The plaintiff also challenges his transfer to Waupun and the conditions he faced while in temporary lock-up. He alleges that he was sent to Waupun without notice and “pending an investigation” on the above information. ECF No. 1 at 4. He also alleges that he was denied phone privileges at Waupun in violation of his First Amendment rights. He filed an inmate complaint about his phone privileges and was told that Falke approved the phone restriction for security reasons. ECF No. 1-1 at 15, 17. The plaintiff alleges Kroll denied his phone request slips in violation of his Eighth Amendment rights. ECF No. 1 at 6. Attached to the complaint is Kroll's response to one of his requests to use the phone. ECF No. 1-1 at 51. It states that “the Office of Legal Counsel” would not allow him to use the phones to contact “outside third parties.” Id. He says he sent Cooper letters about his time in temporary lock-up, but she ignored them. ECF No. 1 at 6. He attached one of his letters, which is faint and difficult to read. Id. at 29-30.
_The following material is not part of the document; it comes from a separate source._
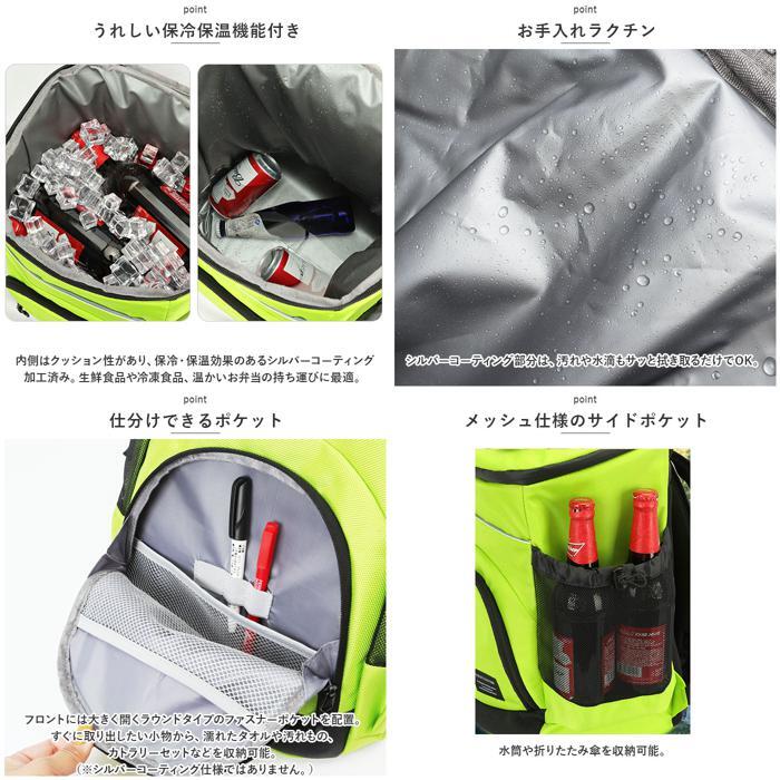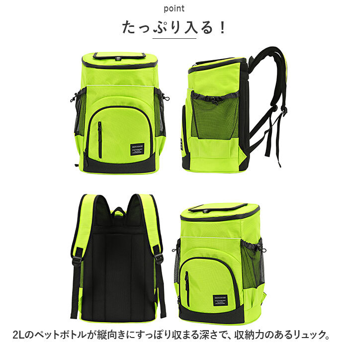 | 商品説明 | ・・キャンプやレジャーにぴったり!保冷保温機能付きリュックが登場。 ・【たっぷり入る!】 ・2Lのペットボトルが縦向きにすっぽり収まる深さで、収納力のあるリュック。 ・【パカッと開くボックス型】 ・上部の開口部はラウンド型に大きく開くダブルファスナー式。さらにそのファスナーを開けずに、面ファスナーを開けて中身を取り出すことも可能。 ・【うれしい保冷保温機能付き】 ・内側はクッション性があり、保冷・保温効果のあるシルバーコーティング加工済み。生鮮食品や冷凍食品、温かいお弁当の持ち運びに最適。 ・【底マチ設計】 ・ランチボックスやタッパーも、安定した状態をキープ◎ ・【仕分けできるポケット】 ・フロントには大きく開くラウンドタイプのファスナーポケットを配置。すぐに取り出したい小物から、濡れたタオルや汚れもの、カトラリーセットなどを収納可能。(※シルバーコーティング仕様ではありません。) ・【お手入れラクチン】 ・シルバーコーティング部分は、汚れや水滴もサッと拭き取るだけでOK。 ・【メッシュ仕様のサイドポケット】 ・水筒や折りたたみ傘を収納可能。 ・【背負い心地快適】 ・背面&調節可能なショルダーベルトはムレにくいメッシュ素材。程よいクッション性もあり、体にかかる負担を軽減。 ・【ポケット仕様】 ・フロント上部:オープンポケット×1 ・フロント下部:ラウンドファスナー内部にメッシュポケット×2、ペン差し×3、外側に縦型ファスナーポケット×1 ・サイド:メッシュポケット×2 |

The plaintiff also alleges that on November 30, 2021, he received a conduct report for possessing “an altered radio” and breaking a tablet. ECF No. 1 at 4; ECF No. 1-1 at 5. He was given thirty days of disciplinary separation. ECF No. 1 at 4-5. A week later, an officer informed him that Racine was suspending his phone privileges for three days for disobeying orders. Id. at 5. Id. The plaintiff later learned that his prison trust account was frozen, which prevented him from calling his family or purchasing paper, envelopes, or hygiene items from the commissary. Id. The plaintiff says these actions violated his rights under the First and Eighth Amendments. Id.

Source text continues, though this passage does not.